- _Required work_
Could you repeat the entries below exactly, but only from the line with "Nivel de Ayer" through the line with "Bavlněná červená halenka, kterou", and without any picture?

- _Supplied information_
╔══
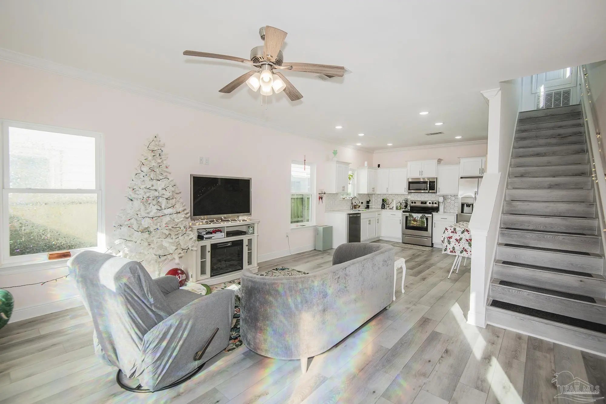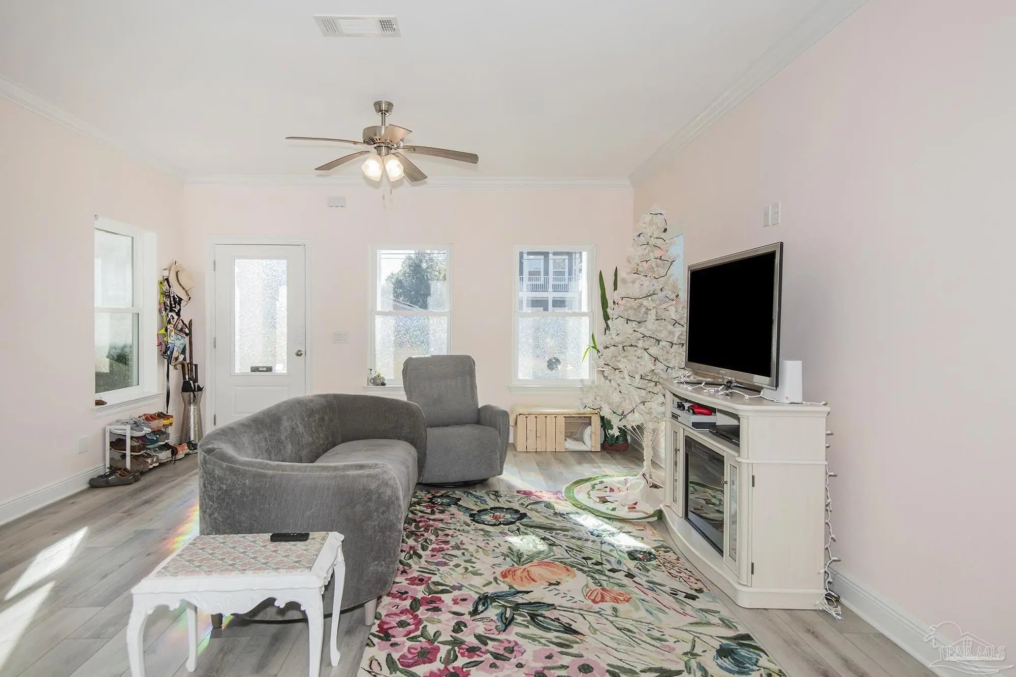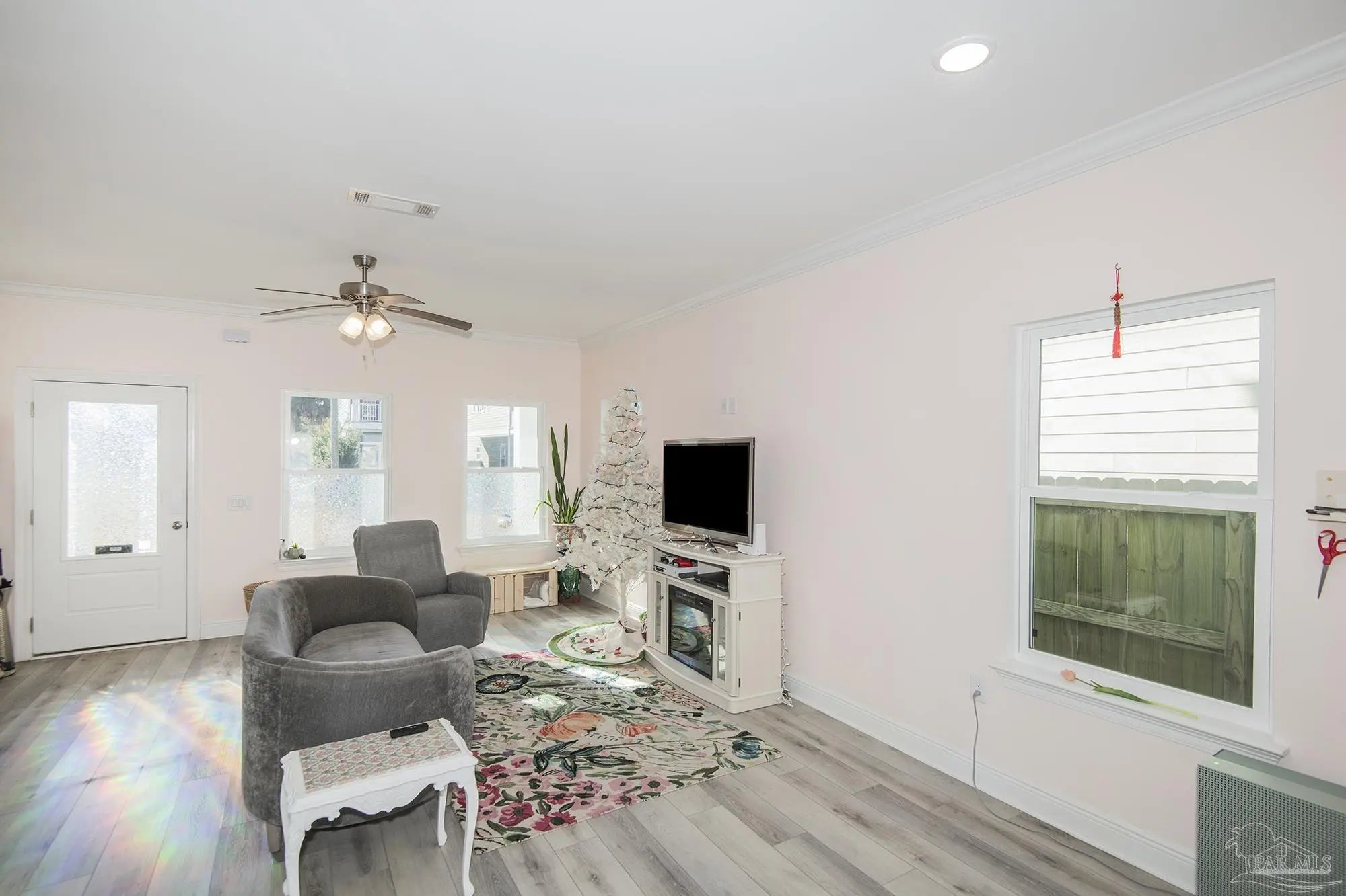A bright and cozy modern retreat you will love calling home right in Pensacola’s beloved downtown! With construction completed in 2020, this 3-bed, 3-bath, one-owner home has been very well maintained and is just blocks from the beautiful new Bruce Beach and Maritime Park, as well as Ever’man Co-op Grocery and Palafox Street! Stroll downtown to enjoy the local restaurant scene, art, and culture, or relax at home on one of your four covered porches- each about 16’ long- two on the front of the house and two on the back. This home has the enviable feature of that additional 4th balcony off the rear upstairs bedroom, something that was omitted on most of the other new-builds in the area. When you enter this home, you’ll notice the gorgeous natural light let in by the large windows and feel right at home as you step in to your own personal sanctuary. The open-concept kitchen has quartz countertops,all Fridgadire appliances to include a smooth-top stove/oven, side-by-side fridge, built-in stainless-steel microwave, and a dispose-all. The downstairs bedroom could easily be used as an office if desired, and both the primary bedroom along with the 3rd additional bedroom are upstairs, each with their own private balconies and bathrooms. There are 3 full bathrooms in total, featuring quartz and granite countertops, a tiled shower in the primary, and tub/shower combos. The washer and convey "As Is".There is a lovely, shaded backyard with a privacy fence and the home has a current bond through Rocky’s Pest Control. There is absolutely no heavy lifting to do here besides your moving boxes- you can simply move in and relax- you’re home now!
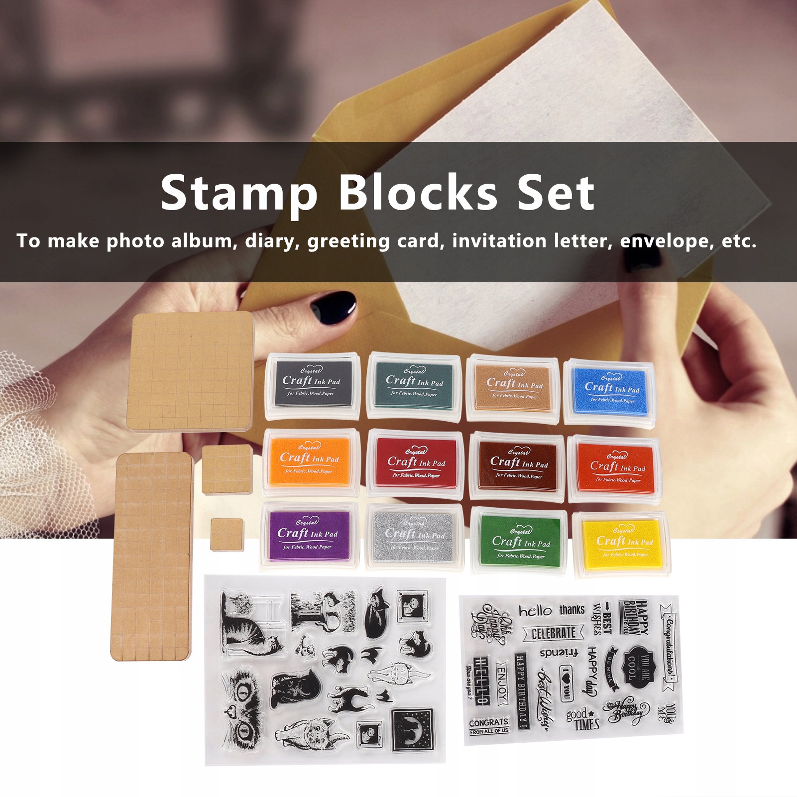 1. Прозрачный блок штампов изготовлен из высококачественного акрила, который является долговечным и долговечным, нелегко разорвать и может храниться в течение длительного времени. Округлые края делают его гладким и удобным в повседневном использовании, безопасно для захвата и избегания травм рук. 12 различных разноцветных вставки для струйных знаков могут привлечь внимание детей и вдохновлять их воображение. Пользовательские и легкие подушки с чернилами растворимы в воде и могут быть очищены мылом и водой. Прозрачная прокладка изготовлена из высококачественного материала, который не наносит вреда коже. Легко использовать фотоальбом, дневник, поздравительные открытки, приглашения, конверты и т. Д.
╚══
╔══
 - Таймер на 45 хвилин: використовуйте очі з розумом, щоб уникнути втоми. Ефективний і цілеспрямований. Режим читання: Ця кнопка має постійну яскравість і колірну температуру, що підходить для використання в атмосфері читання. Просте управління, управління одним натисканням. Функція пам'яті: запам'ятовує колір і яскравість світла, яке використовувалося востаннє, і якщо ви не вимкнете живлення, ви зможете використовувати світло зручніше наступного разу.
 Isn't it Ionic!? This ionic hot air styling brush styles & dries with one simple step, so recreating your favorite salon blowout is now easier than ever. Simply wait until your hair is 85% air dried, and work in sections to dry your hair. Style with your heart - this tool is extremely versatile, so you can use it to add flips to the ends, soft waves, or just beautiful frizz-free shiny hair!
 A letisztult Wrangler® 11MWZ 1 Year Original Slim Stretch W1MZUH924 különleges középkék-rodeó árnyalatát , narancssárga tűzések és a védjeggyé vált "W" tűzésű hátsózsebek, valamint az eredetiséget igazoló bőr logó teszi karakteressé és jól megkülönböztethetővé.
╚══
╔══
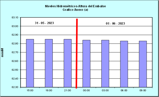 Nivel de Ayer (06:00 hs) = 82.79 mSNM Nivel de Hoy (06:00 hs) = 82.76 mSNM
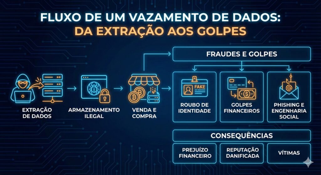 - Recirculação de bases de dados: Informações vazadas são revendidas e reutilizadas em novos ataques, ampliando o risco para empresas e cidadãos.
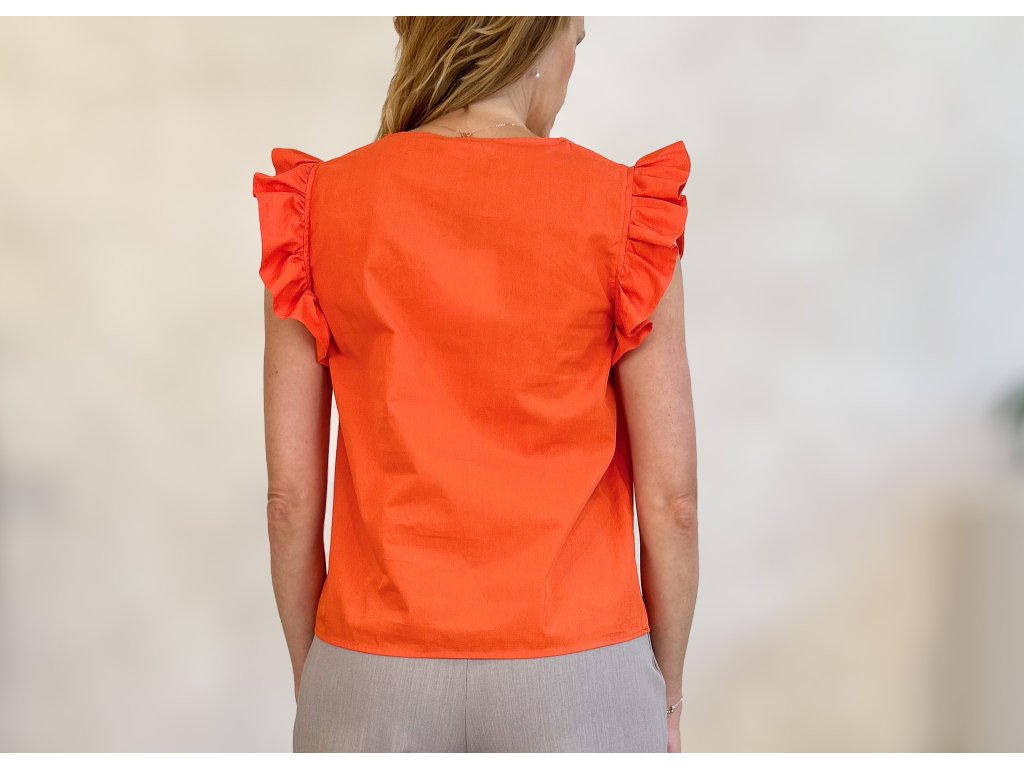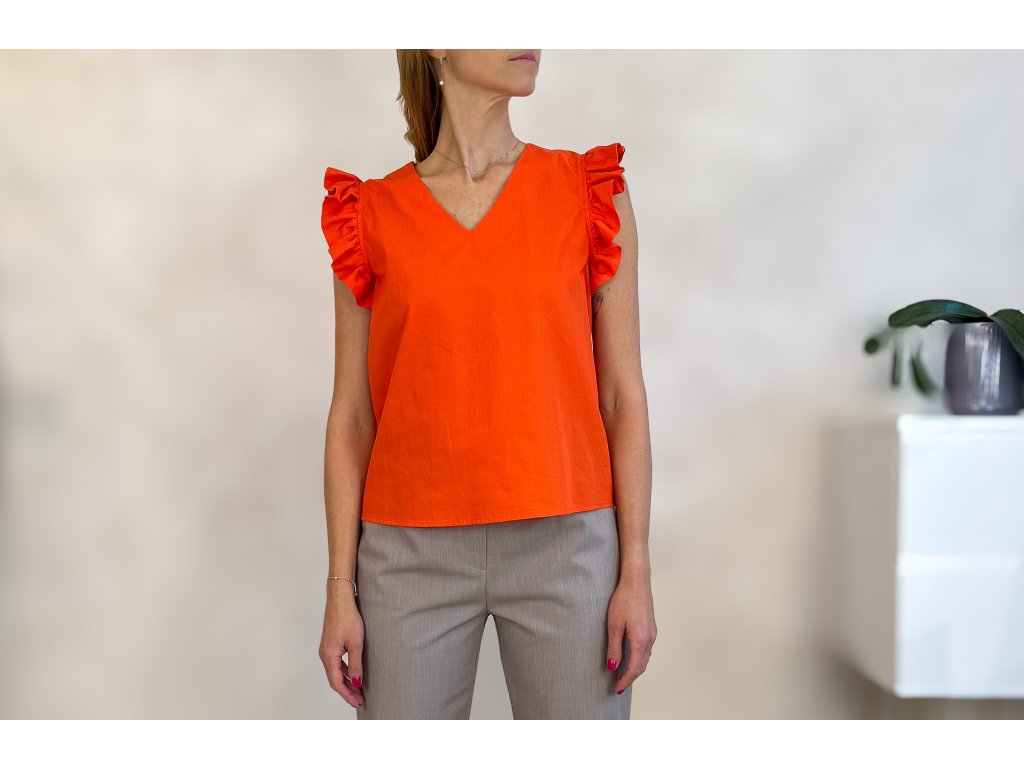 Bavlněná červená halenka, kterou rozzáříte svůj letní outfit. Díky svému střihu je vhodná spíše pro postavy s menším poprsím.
╚══
- _Response to the task_
 Nivel de Ayer (06:00 hs) = 82.79 mSNM Nivel de Hoy (06:00 hs) = 82.76 mSNM
 - Recirculação de bases de dados: Informações vazadas são revendidas e reutilizadas em novos ataques, ampliando o risco para empresas e cidadãos.
 Bavlněná červená halenka, kterou rozzáříte svůj letní outfit. Díky svému střihu je vhodná spíše pro postavy s menším poprsím.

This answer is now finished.